- Type: Eastern Christian
- Orientation: Syriac Christianity
- Scripture: Syriac Bible
- Theology: East Syriac theology: dyophysite doctrine of Theodore of Mopsuestia (wrongly referred as Nestorianism)
- Polity: Episcopal
- Region: Tang-era Yizhou Yuan-era Sichuan
- Language: Syriac Old Sichuanese
- Liturgy: East Syriac Rite
- Origin: 7th century
- Branched from: Church of the East

= Church of the East in Sichuan =

Historical religion in Sichuan

The exact date of the entry of the Syriac Church of the East (or "Nestorian Church") into modern-day Sichuan province is not clear, but probably occurred in the 7th century not long after the arrival of Alopen in the Tang capital Chang'an in 635. The provincial capital Chengdu is the only inland city in the southwest where a Christian presence can be confirmed in the time of the Tang dynasty (618–907). Two monasteries have also been located in Chengdu and Mount Omei. David Crockett Graham noted that Marco Polo found East Syriac monasteries in Sichuan and Yunnan in the 13th century.

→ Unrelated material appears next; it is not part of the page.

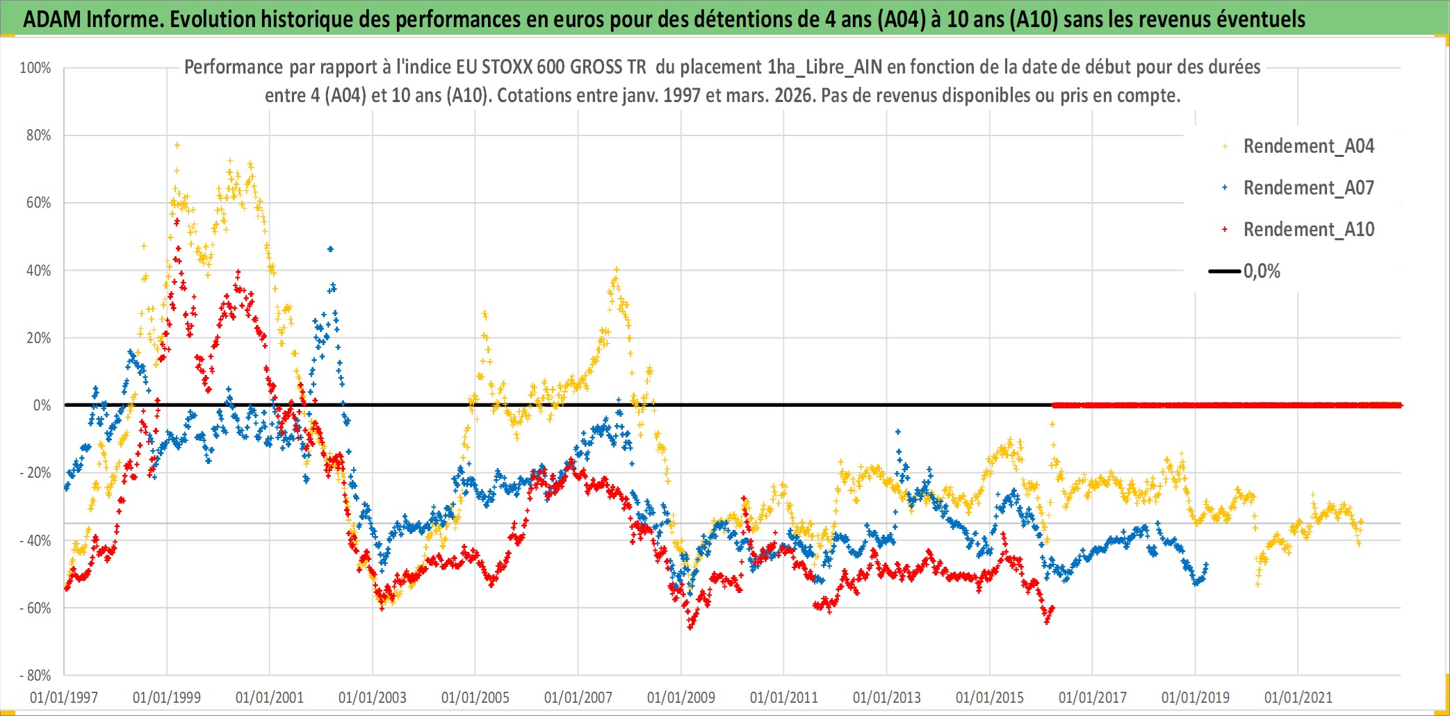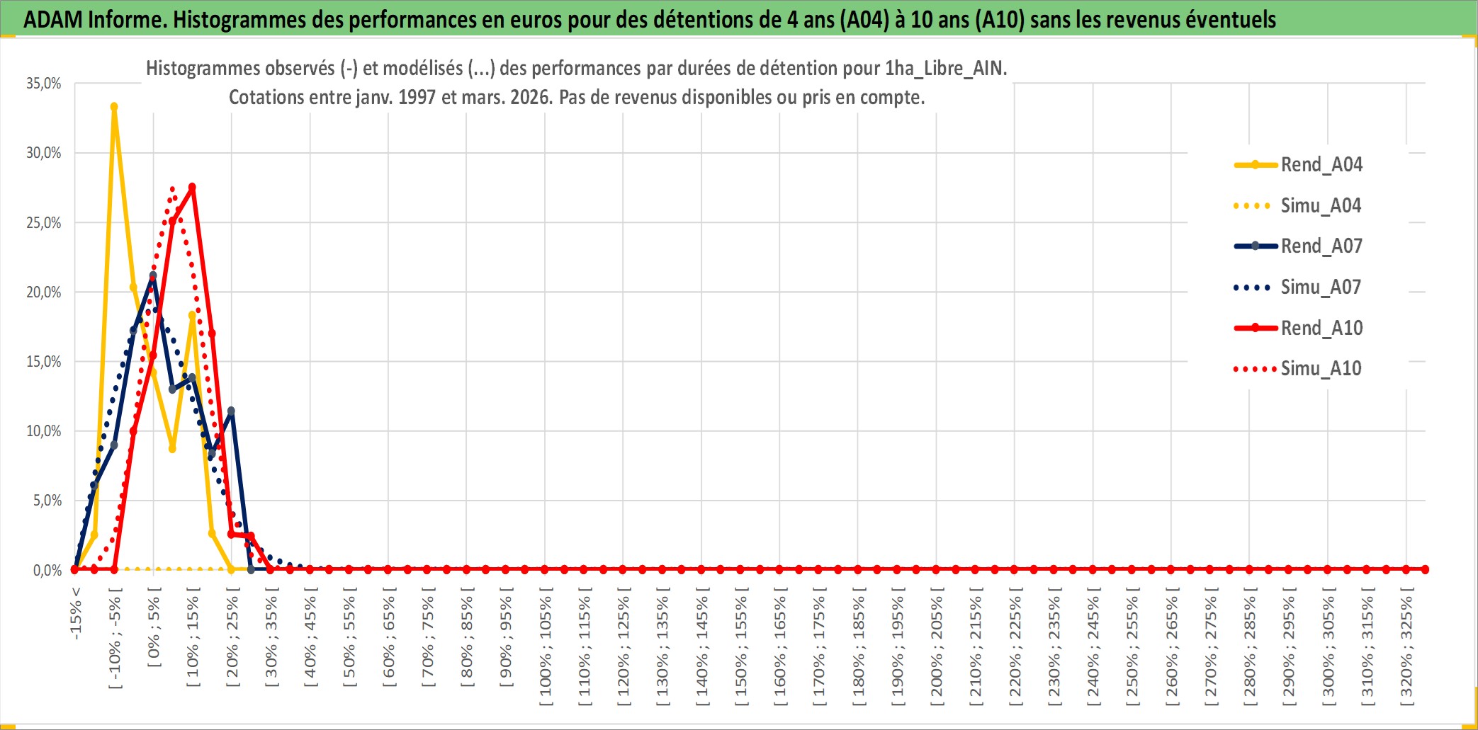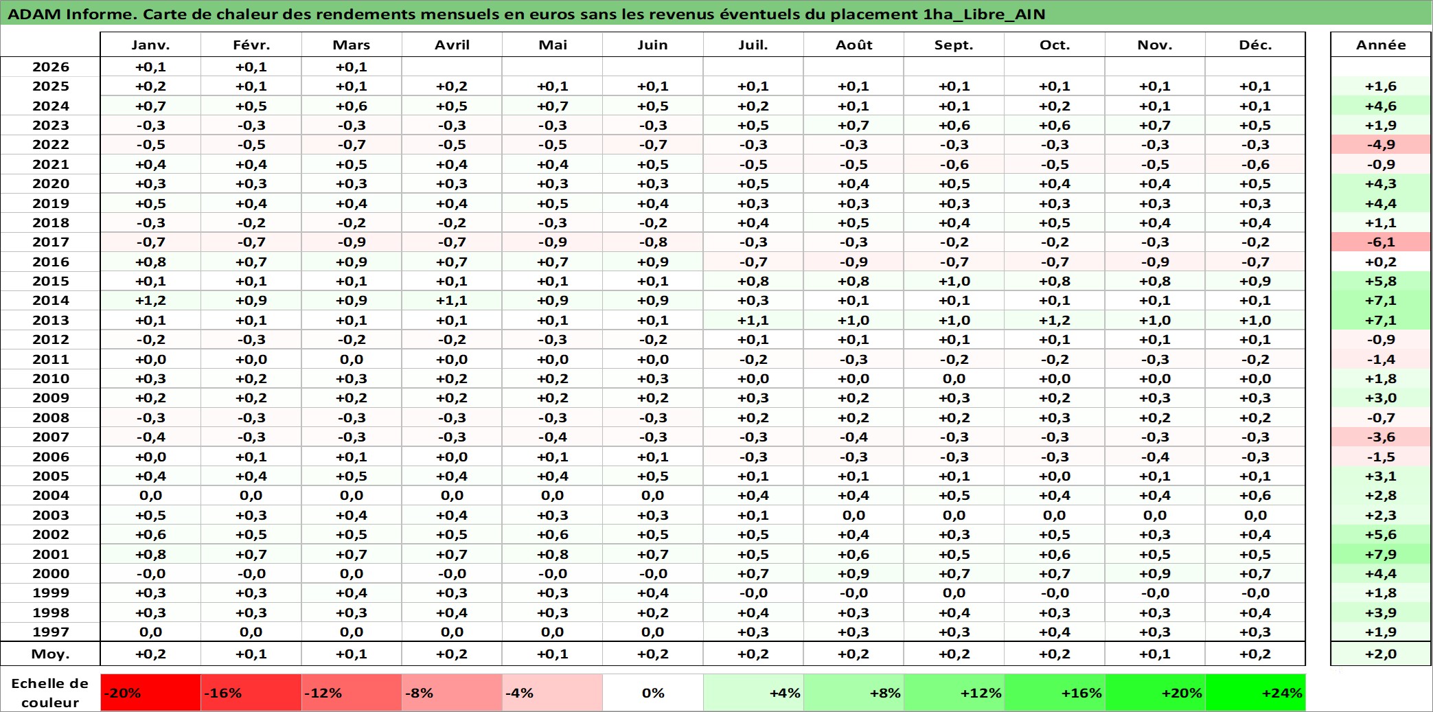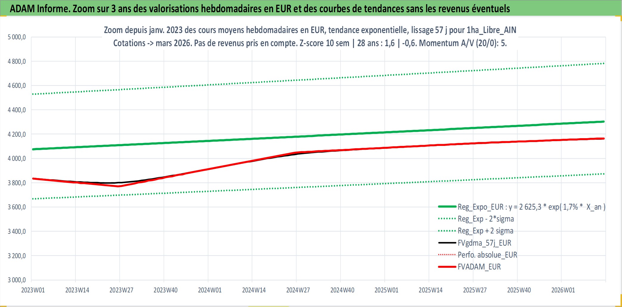 Site dédié aux investisseursPage dédiée sur site financeAnalyse des valorisations hebdomadaires de l'actif 1ha_Libre_AIN. Cet actif est cote en EUR. Les valorisations couvrent les semaines 1997W01 a 2026W13. Les fermages de ce bien foncier sont pris egaux a 2,5% annuels de la valeur venale du bien.

== Evidence of East Syriac Church in Sichuan ==
=== Pearl Temple ===

According to the 12th-century biji collection Loose Records from the Studio of Possible Change by Wu Zeng, during the Tang dynasty, "Hu" missionaries built a Daqin temple (i.e., an East Syriac church) into the existing ruins of the former Castle of Seven Treasures (Note: Castle of Seven Treasures (七寶樓 (七宝楼, Qībǎo lóu); Sichuanese romanization: Ts'ie^{5} Pao^{3} Leo^{2})) at Chengdu, which was constructed by ancient Shu kings of the Kaiming dynasty (666 BC – 316 BC) and had pearl curtains installed as decorative applications. It was later destroyed by the Great Fire of Shu Commandery during the reign of Emperor Wu of Han (141 BC – 87 BC). The temple consisted of a gatehouse, halls and towers, just like the former castle, and its doors and windows were decorated with curtains made of gold, pearls and green jasper, prompting it to be known as the Pearl Temple. (Note: Pearl Temple (珍珠樓 (珍珠楼); archaic form: 眞珠樓 or 真珠樓; pinyin: Zhēnzhū lóu; Sichuanese romanization: Chen^{1} Chu^{1} Leo^{2})) In volume 2 of A Detailed Account of the Shu Province (Note: Shu is the archaic name for Sichuan.) by Cao Xuequan (1575–1646), it is recorded that "the foundation of the Pearl Temple was on Shisun Street. (Note: Shisun Street (石筍街 (石笋街, Shísǔn Jiē); Sichuanese romanization: Shï^{5} Sen^{3} Kai^{1}; lit. 'Stalagmite Street')) The temple was built by the 'Hu' people from Daqin, which was made up of halls and other spaces and decorated with pearls and green jasper."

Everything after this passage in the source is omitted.